Весь день прошёл в сером тумане. Она мыла посуду, протирала пыль, вытирала нос себе и пылесосу. В голове крутилась фраза: "Ты не первая, кто пытается делить мужчину со свекровью, и не последняя, кто проигрывает".
К вечеру Сергей вернулся. Без пакета. Без цветов. С лицом, как будто его всю дорогу били мудростью.
— Ну что, поговорил? — спросила она, не оборачиваясь от плиты.
— Да, — глухо ответил он. — Она сказала… что ей одиноко. Что после смерти отца ей вообще не с кем поговорить. Что я у неё один. И что, если даже я буду не на её стороне, то зачем ей вообще жить.

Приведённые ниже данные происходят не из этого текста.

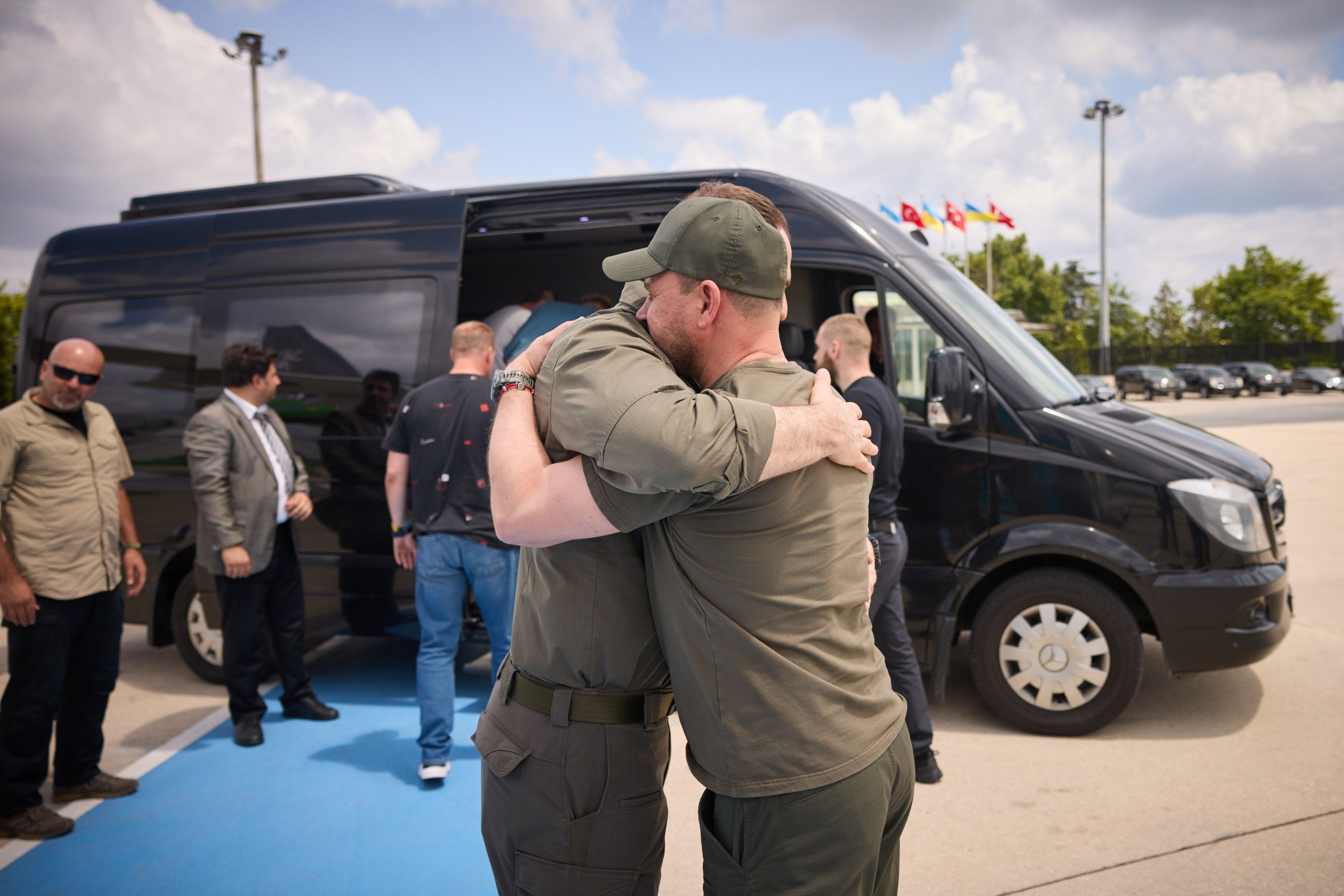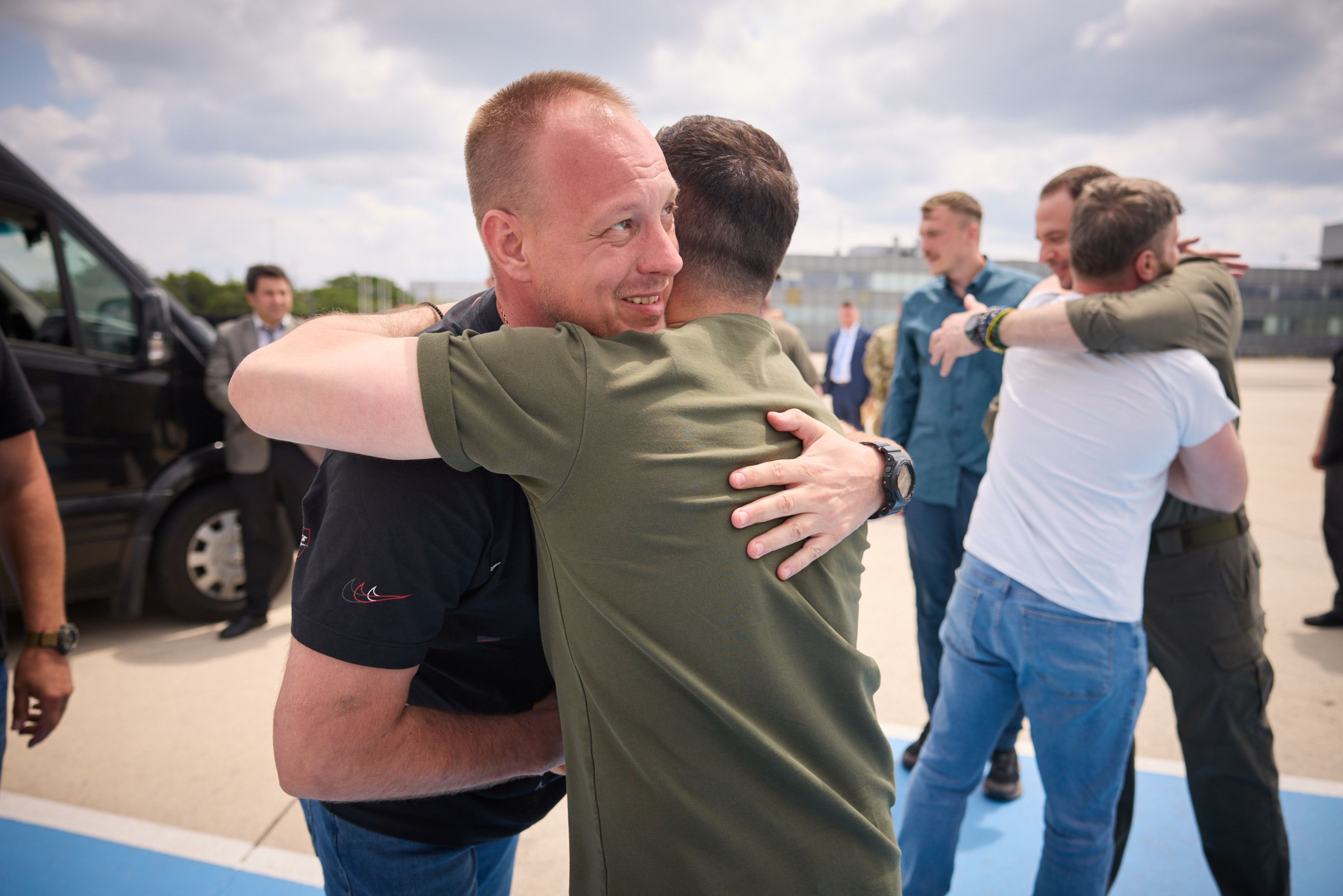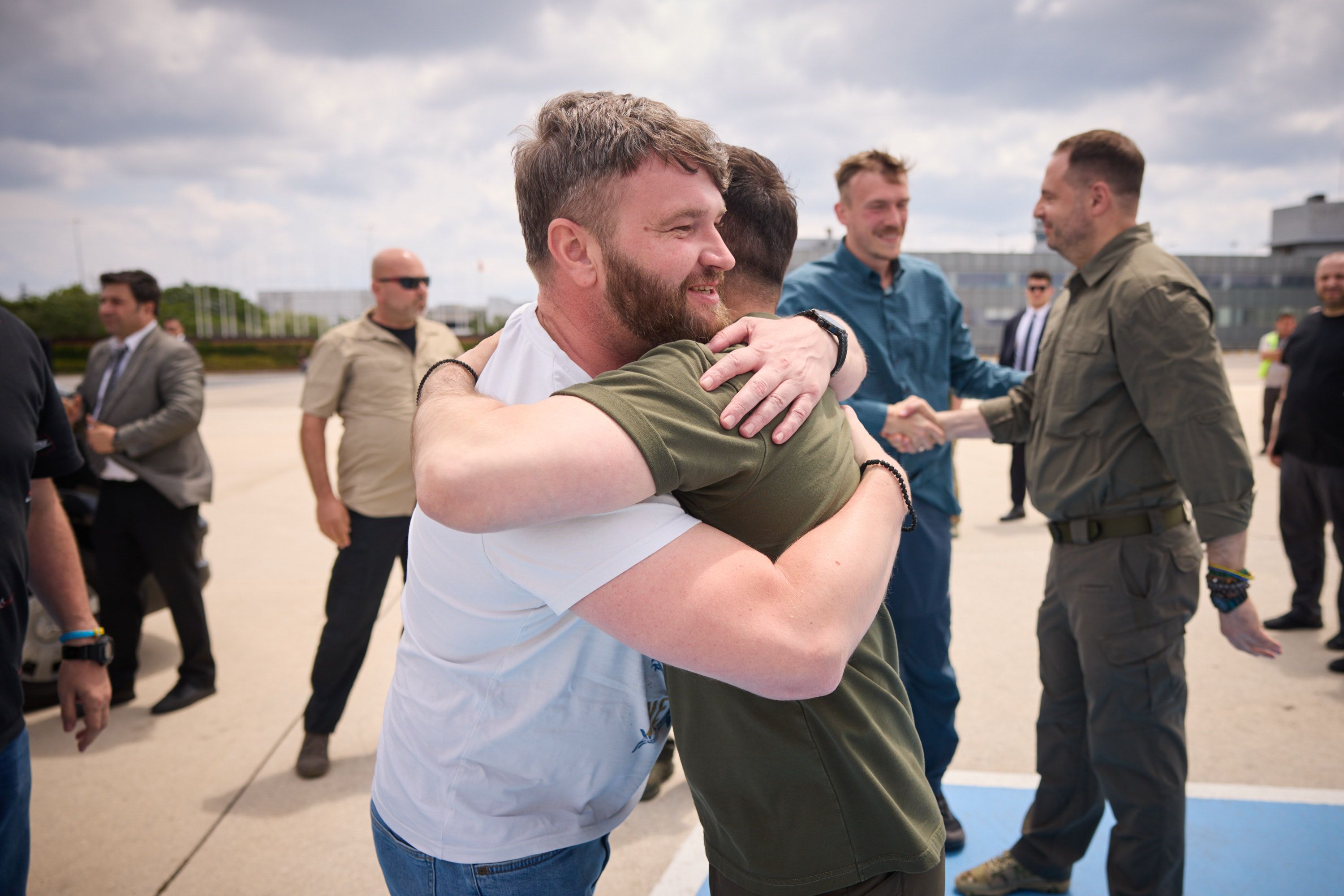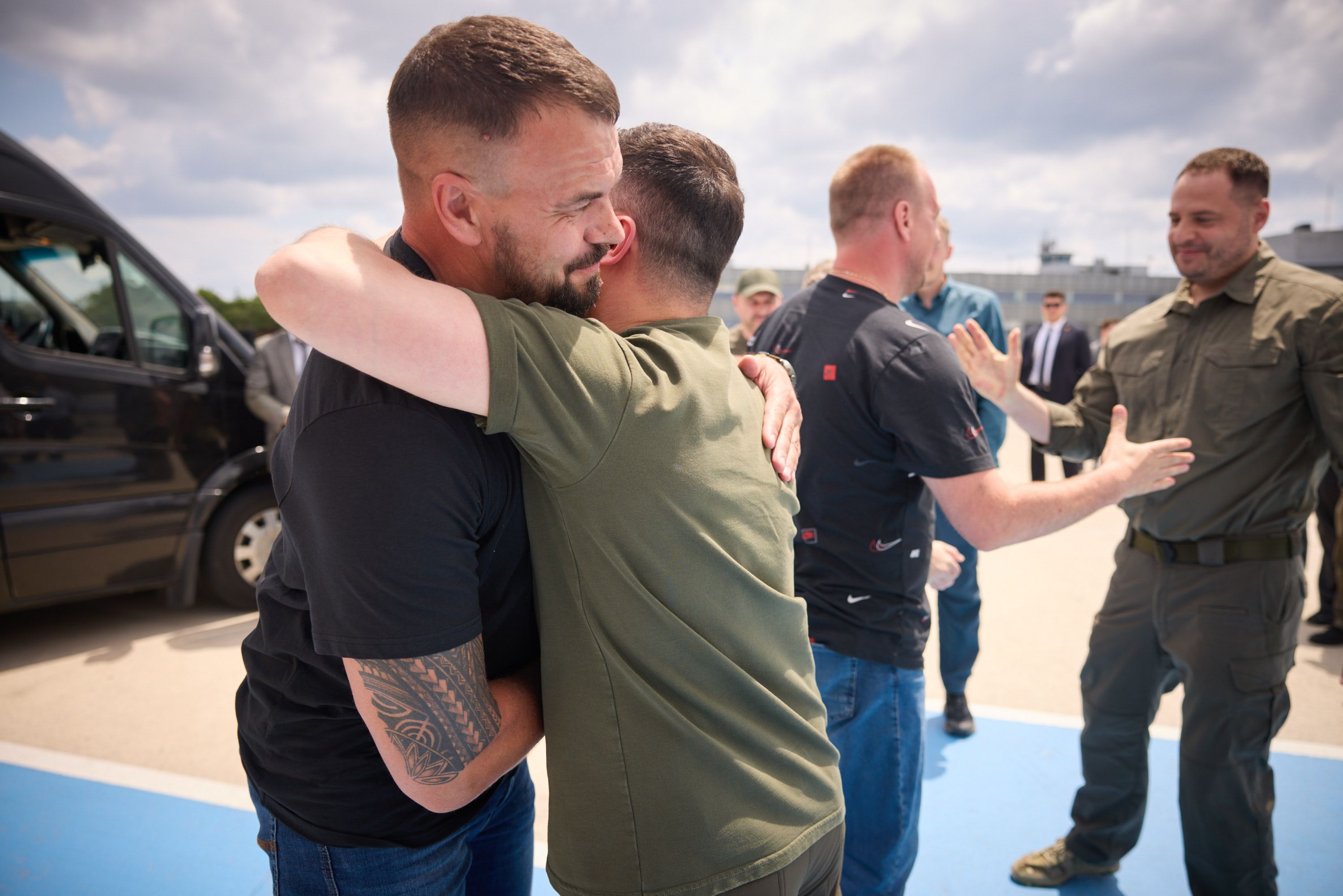 Впоследствии опубликовали кадры, на которых видно, как Владимир Зеленский, глава Офиса Президента Андрей Ермак и глава МВД Игорь Клименко встречают защитников на аэродроме. Оттуда они сели на самолет, чтобы отправиться домой.

— Ага. Классика. Манипуляция третьего уровня. Ты ещё проверь, не упала ли температура батареи, а то она может "замёрзнуть и не проснуться".
Сергей сел за стол.
— Ты не понимаешь…
— О, я-то как раз понимаю. Ты — мягкий. Добрый. Ты хочешь, чтобы и мама, и жена были счастливы. Проблема только в том, что мама счастлива, когда несчастна я. И наоборот. А ты между нами. Как фарш в чебуреке. Только без соуса.
Он опустил голову.
— Она хочет к нам переехать. Временно.
Ирина выпрямилась, как пружина в старом диване.
— Прости, это ты сейчас в каком смысле? В нашем съёмном уголке, где и так туалет — роскошь для двоих, а стиралка уже почила в бозе? Она хочет переехать "временно"? На сколько? Пока у неё снова не "заболит позвоночник по маминой линии"?
Сергей не знал, куда деть руки.
— Ну... пока не накопит на свою машинку.
— А мы ей что, курсы по накоплению денег? Или ты ей решил ещё зарплату свою отдать? Может, сразу оформим её как иждивенца? Или усыновим?
Он вздохнул.
— Ира, давай не будем. Мне тяжело. Я между двух огней.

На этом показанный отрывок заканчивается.